= Beginning of Section =
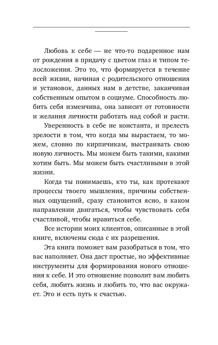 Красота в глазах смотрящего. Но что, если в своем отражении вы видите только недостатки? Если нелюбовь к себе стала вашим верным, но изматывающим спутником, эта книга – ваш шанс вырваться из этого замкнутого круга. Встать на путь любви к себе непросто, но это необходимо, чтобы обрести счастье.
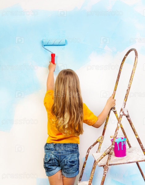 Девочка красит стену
= End of Section =
= Beginning of Section =
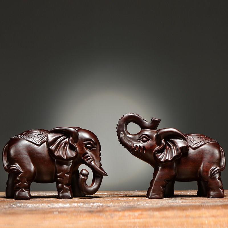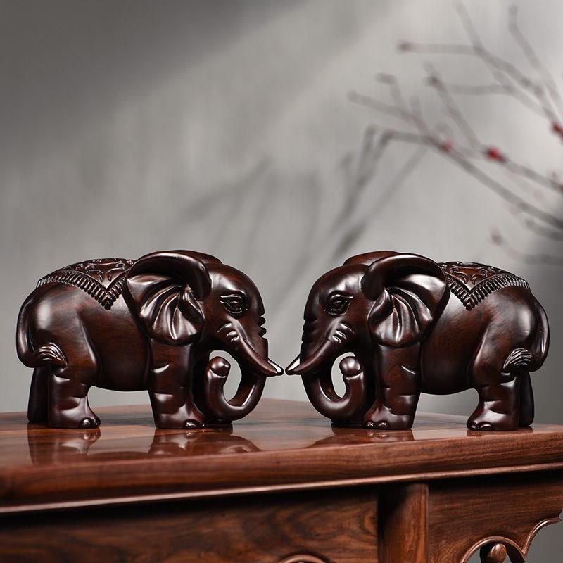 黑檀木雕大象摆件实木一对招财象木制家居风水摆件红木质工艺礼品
= End of Section =
- Goal of the exercise: Look above for the line with "Красота в глазах" and copy exactly from it through the line with "Девочка красит стену", both included. Omit the pictures.

- Answer to the problem:
 Красота в глазах смотрящего. Но что, если в своем отражении вы видите только недостатки? Если нелюбовь к себе стала вашим верным, но изматывающим спутником, эта книга – ваш шанс вырваться из этого замкнутого круга. Встать на путь любви к себе непросто, но это необходимо, чтобы обрести счастье.
 Девочка красит стену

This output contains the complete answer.